Data block -
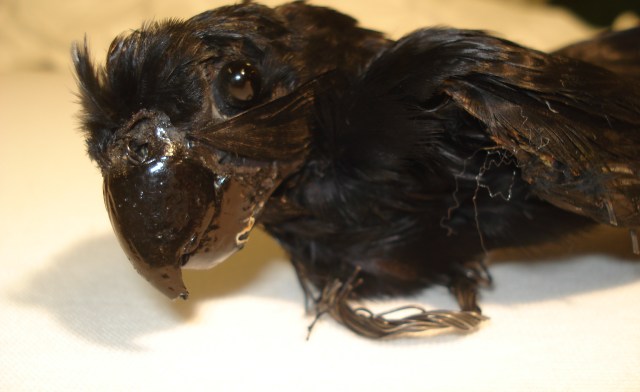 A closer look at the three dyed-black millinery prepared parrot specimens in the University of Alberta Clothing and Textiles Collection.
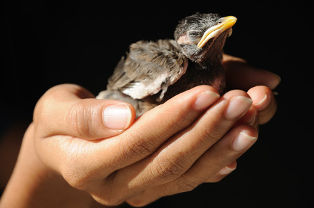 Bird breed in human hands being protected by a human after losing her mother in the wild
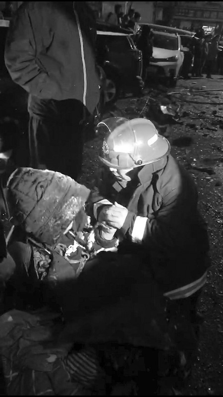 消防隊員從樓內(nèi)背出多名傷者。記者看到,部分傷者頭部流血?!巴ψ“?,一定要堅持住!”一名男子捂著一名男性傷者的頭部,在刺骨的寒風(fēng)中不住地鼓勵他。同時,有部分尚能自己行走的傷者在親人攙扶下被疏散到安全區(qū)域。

Your instructions - Set down the data above verbatim, omitting every image.

Solution for this task -
 A closer look at the three dyed-black millinery prepared parrot specimens in the University of Alberta Clothing and Textiles Collection.
 Bird breed in human hands being protected by a human after losing her mother in the wild
 消防隊員從樓內(nèi)背出多名傷者。記者看到,部分傷者頭部流血?!巴ψ“?,一定要堅持住!”一名男子捂著一名男性傷者的頭部,在刺骨的寒風(fēng)中不住地鼓勵他。同時,有部分尚能自己行走的傷者在親人攙扶下被疏散到安全區(qū)域。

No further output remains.